DVD Review: Fabulous Surround Sound Summary: 5 StarsI don't think I've ever watched a finer sounding concert video ever. The mix of the 5.1 Surround is truly spectacular. This DVD is a must for any Dan fan or audiophile.
DVD Review: Don, Walt, Peg, Josie, Cousin Dupree, Carolyn, Cornelius etc. Summary: 5 StarsMuch more than Two Against Nature, because only 5 of the 9 tracks from that CD are featured in this concert video. Instead we get great live versions of Green Earrings, Bad Sneakers, Josie, FM, Peg, Kid Charlemagne, Pretzel Logic, Babylon Sisters and Black Friday, that match or surpass the originals. Wise choice, since all this material is stronger than most of Two Against Nature, my least favorite Dan album. However, even the cuts from that CD performed here are taken up a notch. Oddly absent is the title track, a far better tune than What A Shame About Me, which they chose to include instead.
Five stars for excellent audio quality and a very fine ensemble performance by Dan and musicians. I have a gripe with the unnecessarily quick-change camera work and weird angles that distract from just looking at the screen and enjoying the sounds. However, the main attraction remains the audio, and it's easy enough to focus on that once you get used to it.

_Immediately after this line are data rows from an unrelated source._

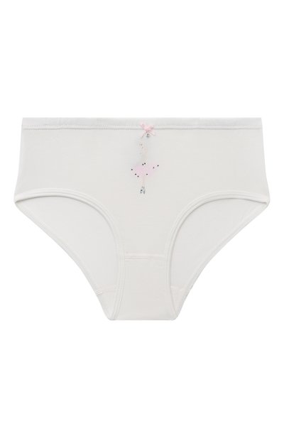 Белые слипы выполнили из мягкого трикотажа, в составе которого поровну соединили хлопок и модал. Они хорошо пропускают воздух, а за удобную посадку отвечает эластан, за счет которого материал тянется. Трусы украсили спереди небольшим пастельным принтом и розовым атласным бантом.
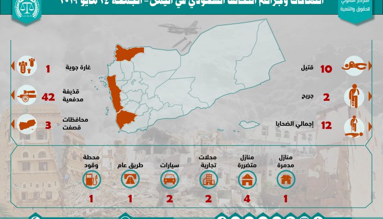 إحصائية أولية لإنتهاكات التحالف السعودي في اليمن 24 مايو 2019 Last updated مايو 25, 2019 للتحميل : استهداف البنى التحتيةاستهداف المنشآت الاقتصاديةاستهداف المنشآت المدنيةالتحالف السعوديالمركز القانوني للحقوق والتنميةاليمنرصد وتوثيق انتهاكات التحالف السعوديعاصفة الحزم Share FacebookTwitterGoogle+ReddItWhatsAppPinterestالبريد الإلكتروني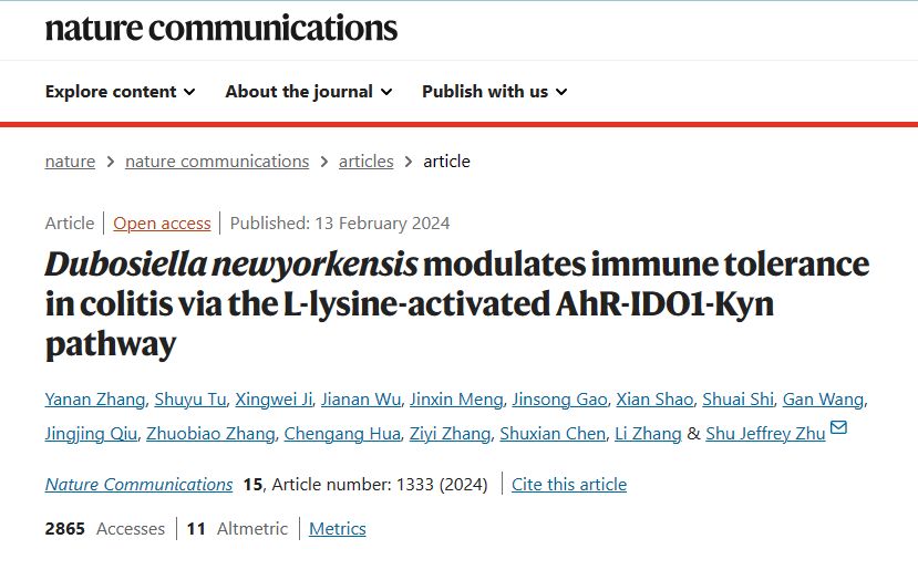 标题:Dubosiella newyorkensis modulates immune tolerance in colitis via the L-lysine-activated AhR-IDO1-Kyn pathway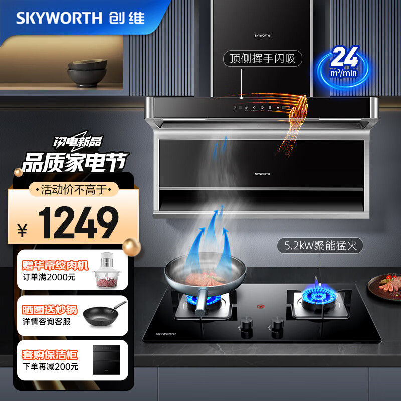 创维(Skyworth)7字顶侧双吸抽吸油烟机灶具套装家用24风量排油烟机燃气灶套餐烟灶自动清洗挥手Y7K+Z50BS-1天然气价格:1299.00元!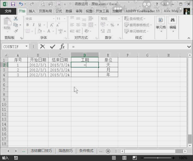 笔者先简单解释下以下表格中的单元格D2输入的公式“=DATEDIF(B2,C2,”d”)“前两个参数分别是开始日期和结束日期,第三个参数”d”是计算天数的参数,也可以改成”m”(计算月份)和”y”(计算年份)。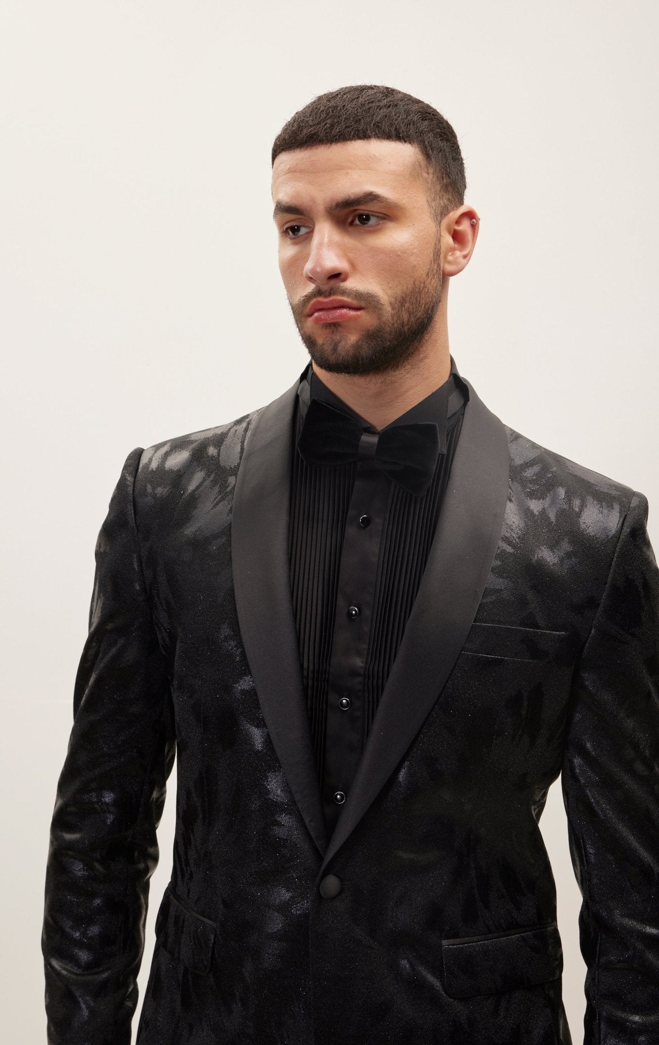 The foil brush strokes detailing adds a touch of artistic flair to the ensemble, creating a visual masterpiece that sets you apart at any formal occasion. The dynamic patterns offer a modern interpretation of classic design, making this tuxedo a standout choice.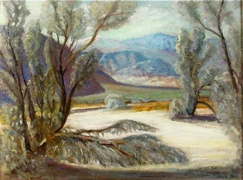 George’s correspondence with Eve Ball confirmed that he and his wife spent pleasant winters on their Mesa property and the hot Arizona summers in a variety of cooler places. He did portraits and taught painting classes at the Grand Lodge on the north rim of the Grand Canyon from the mid-1940s until 1953 when, as he wrote his friend Art Green, it’s “too high for Alan—ha, ha! And too low for me (in income) as the meals and staying there are too high.” During the 1950s the Fredericks summered in Colorado, Southern California, Wyoming, in a friend’s mobile home in Oracle, AZ, and in Paradise Valley, AZ, in wealthy patron Walter W. Ross’s winter home, equipped, as Alan delightedly wrote a friend, with “electric refrigeration.”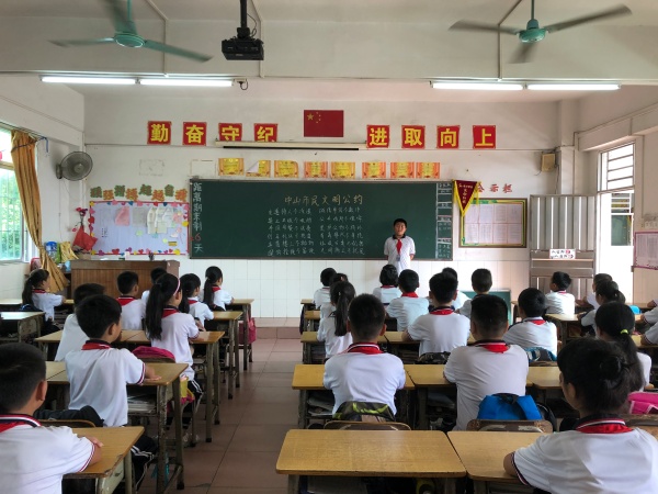 为了自觉践行社会主义核心价值观,进一步增强学生的文明意识,培养学生良好的文明行为习惯,促进“三品”校园文化的养成,引导广大师生努力践行文明公约,2019年6月24号,中山市黄圃华洋学校各班级开展了以“文明知识进班会,文明公约共践行”的主题班会。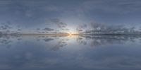Dawn breaks over an endless mountain landscape, casting dramatic cloud formations across the sky. An open space dominated by nature's serene beauty, highlighting the natural dome formed by sky and horizon.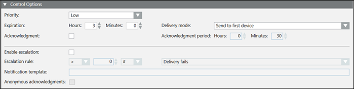 - Control Options: Configure the message priority, escalation with other details like delivery mode and expiration time.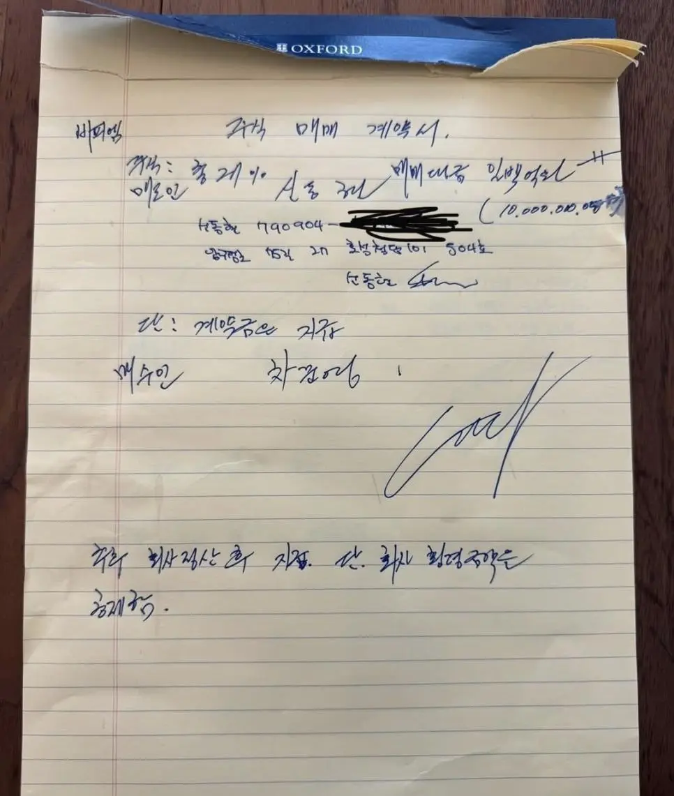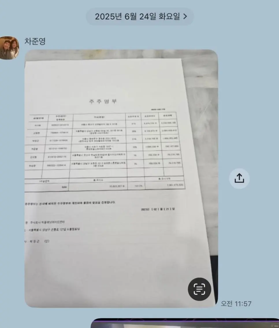 첫번째는 차가원 삼촌이 저애게 2대 주주를 유지 시켜줄테니 함께 뺏어보자며 보낸 가짜 서류 이며 저에게 지분을 넘기자고 한 주주명부 와 주식양도 매매 계약서 차준영 자필 계약서 입니다.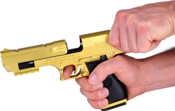 A játék célja, hogy valódi fegyver benyomását keltse, precíz részletekkel és aranyszínű metál felülettel.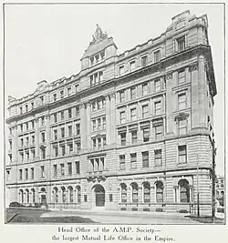 By 1909, the AMP Society found the current premises inadequate for its expanding business, and commissioned significant extensions to have six storeys above the street level and a full redesign of the existing premises on Pitt Street in a more restrained Free Classical style at a cost of £62,770.[10][11] The president of the NSW Institute of Architects, Ernest Alfred Scott of Scott & Green, was the architect, and Finlay Elgin Munro was the master builder.[10][12][13][14][15][16] The old 'Amicus' sculptural group by Charles Summers was determined to be too small in scale for the new offices and "fell to pieces" when it was removed, so the AMP Board commissioned a new 'Amicus' group sculpted by William Priestly MacIntosh to be placed atop the renewed headquarters.[17] The new offices were completed in late 1912, and were officially opened by the Governor of New South Wales, Lord Chelmsford, on 21 January 1913.[18]

In between songs is a variety of candid footage, including some "interviews" to which Donald and Walter subject several of their band members. These consist primarily of Donald and Walter heaping psychobabble on their victims in a manner I found frankly hilarious. Not sure what this says about me, but it's probably not good. I understand the negative comments many have posted regarding these interruptions in the concert flow, but personally I don't mind them. They're short and easy enough to skip over.
This is one concert video that I will continue to play, since the performances and audio are on a par with or better than the original recordings. Most definitely worth owning if you're a Dan fan.
DVD Review: GREAT SET,INTERVIEWS WAY LOW IN MIX.... Summary: 4 Stars YEA,THE PICTURE,SOUND AND PLAYING DURING THE SHOW ARE TOP-NOTCH.ONLY DISBELIEF IS HOW YOU CAN'T HEAR THEM DURING THE TALKING SEGMENTS SOMETIMES AND YOU HAVE TO TURN IT UP!YOU'RE LIKE,WHAT IDIOT DID'NT MIX IT?DID THEY EVEN LISTEN TO IT BEFORE MASTERING?WER'E THEY FIRED AFTERWARD?!OCCASIONALLY I GET A DVD WHERE CERTAIN TITLES ARE MIXED WAY LOUDER OR WHATEVER BUT ITS NORMALLY DONE BY PEOPLE ON A WAY SMALLER BUDGET THAN THE DAN HAVE.THIS DVD IS STILL A GREAT PURCHASE THOUGH.
DVD Review: Top notch performance. Summary: 5 StarsI had the privlidge of seeing the original Steely Dan band in Boston back in the seventies.This band had original members Denny Dias, Jim Hodder, and Jeff "Skunk" Baxter on stage that night. Also with the band was Mike McDonald and the late Jeff Porcaro also playing drums along side Jim Hodder( also deceased). The concert wasn't even sold out, but I had these guys early records and knew they were destined to greatness. The music on this DVD is about as flawless as can be, and the musicians assembled for this recording are top notch players.Another reason for me personally buying this DVD is that the drummer on this DVD, Ricky Lawson, was the original drummer of my favorite Jazz fusion group The Yellowjackets.So if you're a DAN fan this is a must buy. You won't be disappointed.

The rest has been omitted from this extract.